Public IB noted that domestically, adjustments in essential item prices, particularly within the energy and food sectors, “could exert upward pressure on inflation, especially in the event of modifications to blanket fuel subsidies.”

“Additionally, exchange rate fluctuations are highlighted as a critical factor, particularly for import-sensitive sectors like food and transportation.

“However, amidst these inflationary forces, subdued global growth prospects offer a counterbalancing effect, potentially alleviating inflationary pressures by exerting a downward force on commodity prices,” it said.
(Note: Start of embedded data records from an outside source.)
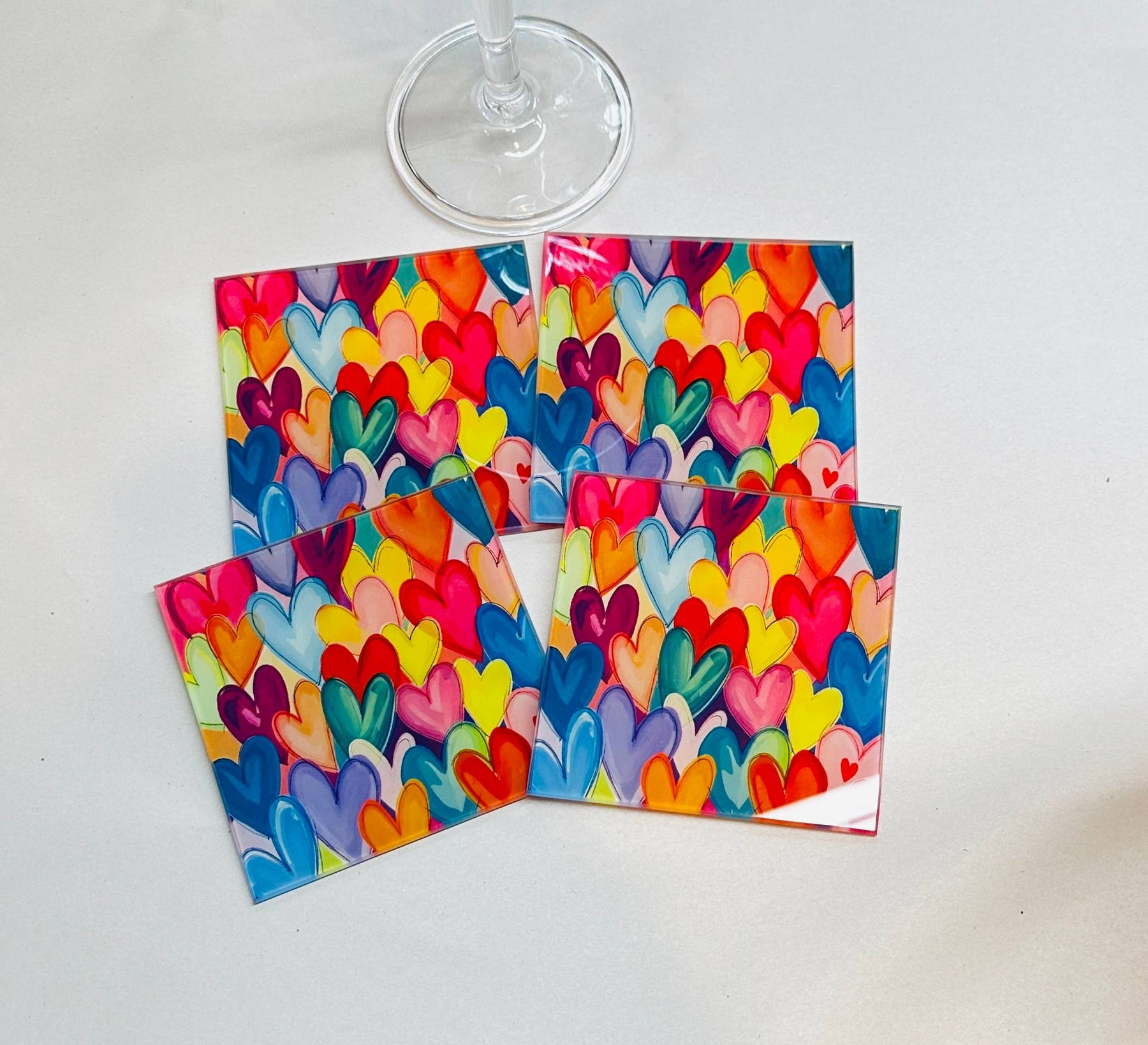 Colorful Hearts Art  Coaster Set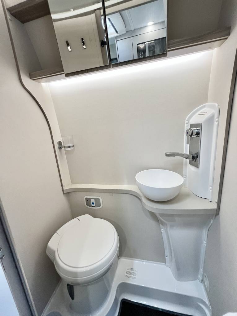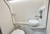 The well equipped kitchen comprises of Microwave, 3 burner hob, combination oven and grill, sink with hot & cold water, fridge, pop up worktop extension and plenty of storage. Opposite the kitchen you have the washroom/shower area, complete with electric flush toilet, hand basin and mixer tap / shower head, storage cupboard and mirror.
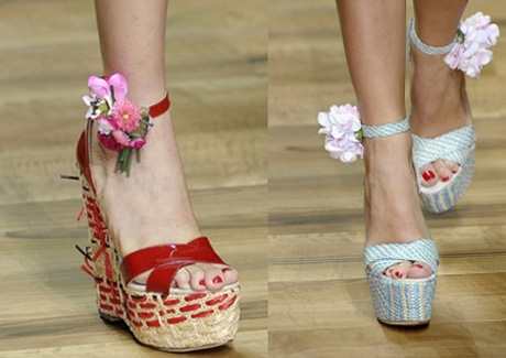 Una de ellas es Moschino, que presenta sandalias de todo tipo, con tacones altos, planas, con muchas tiras de aire marinero, están también las de efecto trampantojo, que crean la ilusión de ver el pie desnudo, muy originales de la marca Chloe. Dior y John Galliano se lucen con sus bellos modelos de alpargatas en estilo rural, que se han convertido en perfectos stilettos.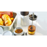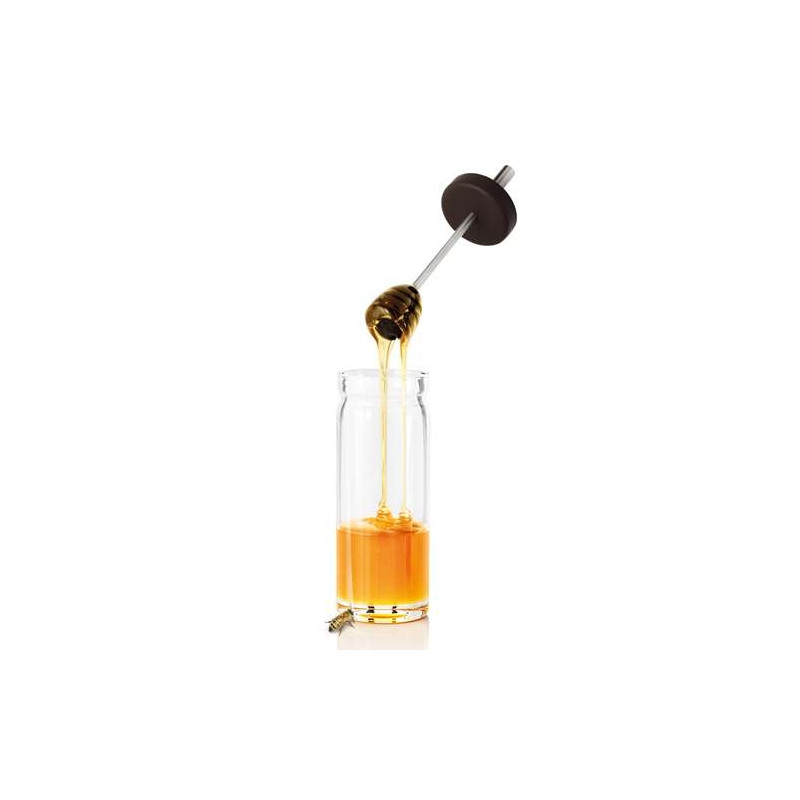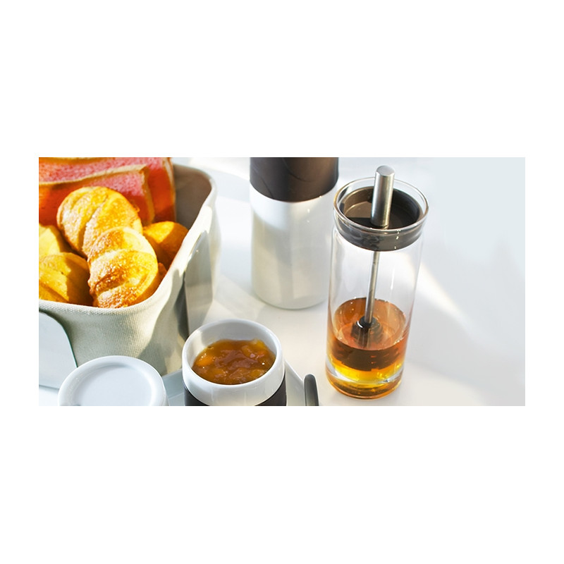 BLOMUS Бурканче за мед с лъжица DESA • В комплекта: бурканче, лъжичка • Височина: 19 см • Диаметър: Ø 6,5 см • Материал: неръждаема стомана, стъкло, силикон • Производител: BLOMUS / Германия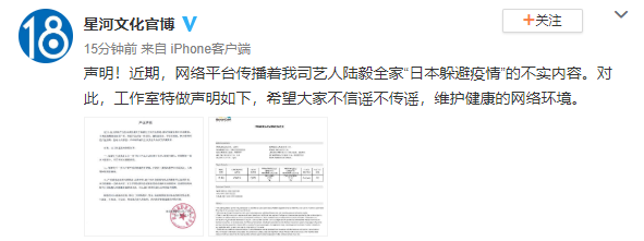 3月9日,陆毅工作室发文回应陆毅全家“日本躲避疫情”的不实言论,称:近期,网络平台传播着我司艺人陆毅全家“日本躲避疫情”的不实内容。对此,工作室特做声明如下,希望大家不信谣不传谣,维护健康的网络环境。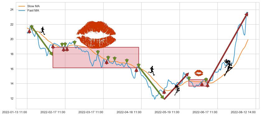 01-17 14:00至02-09 09:00 慢线与快线呈空头排列, 慢线与快线接触少,无缠绕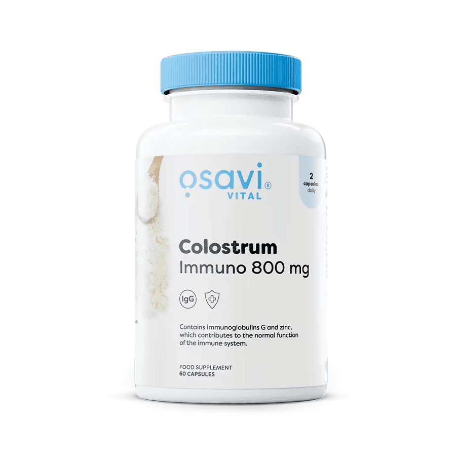 O Colostrum Immuno 800 mg da Osavi apresenta cápsulas rigorosamente formuladas para potenciar as tuas defesas naturais. Cada dose diária de 2 cápsulas fornece 800 mg de colostro bovino, padronizado para conter no mínimo 144 mg de imunoglobulinas G, essenciais para combater bactérias e vírus e reforçar a tua resposta imunitário. Paralelamente, oferece 15 mg de zinco na forma de gluconato, correspondendo a 150% das necessidades diárias, o que contribui para a imunidade, proteção antioxidante e manutenção da saúde da pele, unhas, cabelo e ossos.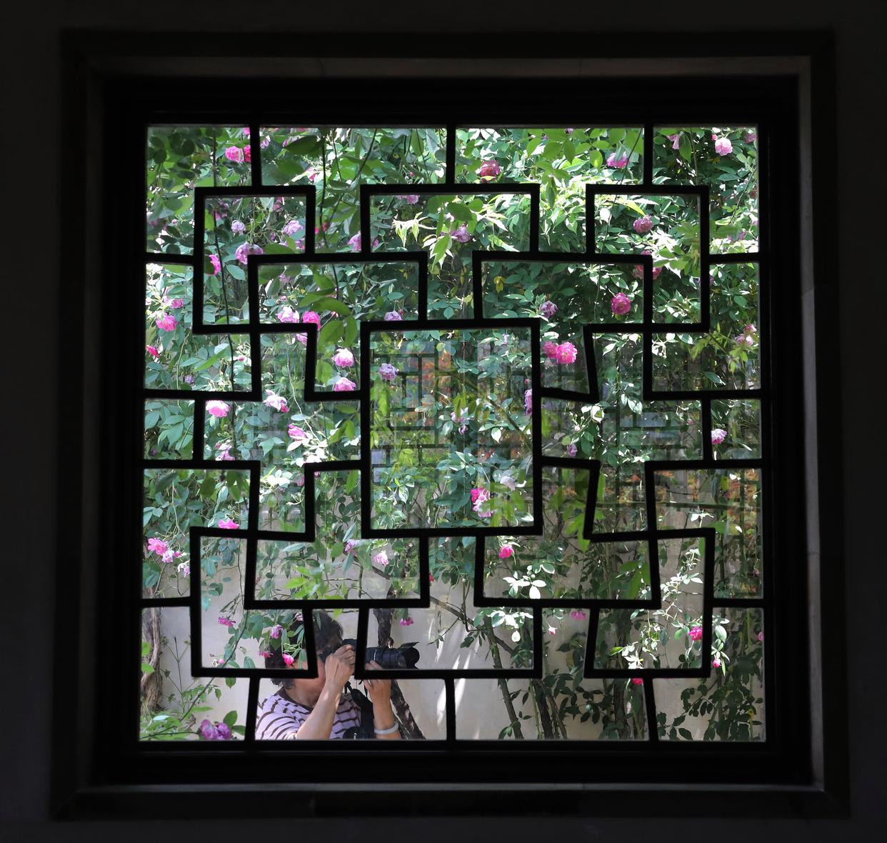 4月24日,游客在江苏苏州艺圃赏花拍照。新华社发(杭兴微摄)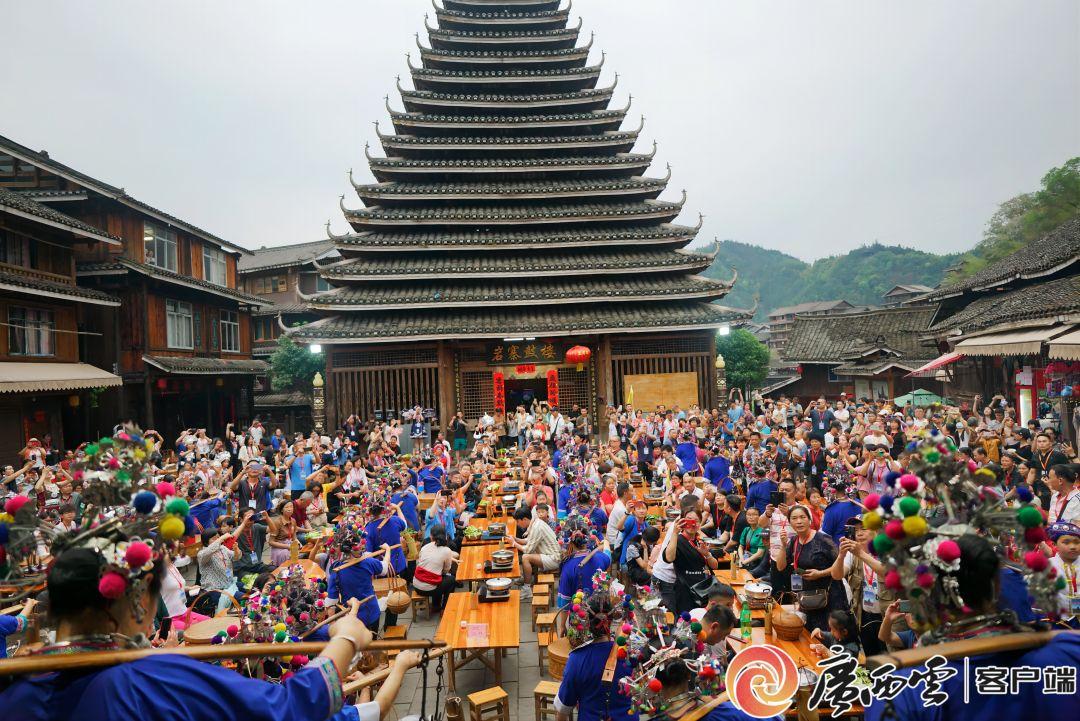 侗族鼓樓坪前,通常是“侗族百家宴”的宴客之地。熱心網友供圖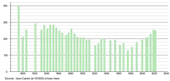 L'évolution du nombre d'habitants est connue à travers les recensements de la population effectués dans la commune depuis 1793. Pour les communes de moins de 10 000 habitants, une enquête de recensement portant sur toute la population est réalisée tous les cinq ans, les populations légales des années intermédiaires étant quant à elles estimées par interpolation ou extrapolation[22]. Pour la commune, le premier recensement exhaustif entrant dans le cadre du nouveau dispositif a été réalisé en 2008[23].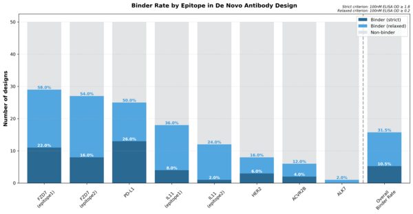 이번 연구는 이러한 기반 기술이 다음 단계로 고도화 했음을 명확히 보여준 성과다. 갤럭스는 광범위한 탐색 없이 단 50개의 정제된 설계만으로도 30% 이상이 치료 타깃에 정확히 결합하는 결과를 확인했다. 이는 전통적 실험 방법은 물론 기존 AI 접근법과 비교해도 수천 배에 달하는 고도화이자, 현재까지 보고된 다섯 그룹의 드노보 항체 설계 사례 중에서도 최상위권에 해당하는 성공률이다. 특히 이 중 다수는 별도의 최적화 없이도 약물 후보로 개발 가능한 수준의 결합력을 보여, 한 달 이내 설계와 검증을 완료해 약물 수준 항체 후보를 확보할 수 있는 새로운 항체 발굴 패러다임을 제시했다.

Public IB said core inflation is envisaged to average between 2% and 3% in 2024 (3% in 2023).

Nevertheless, it said the short-term ramifications of fuel subsidy rationalisation on inflation and growth are contingent upon the magnitude and timing of price adjustments.

“The implementation of targeted assistance alongside subsidy rationalisation will play a crucial role in mitigating the impact on vulnerable segments during the transition period,” it said.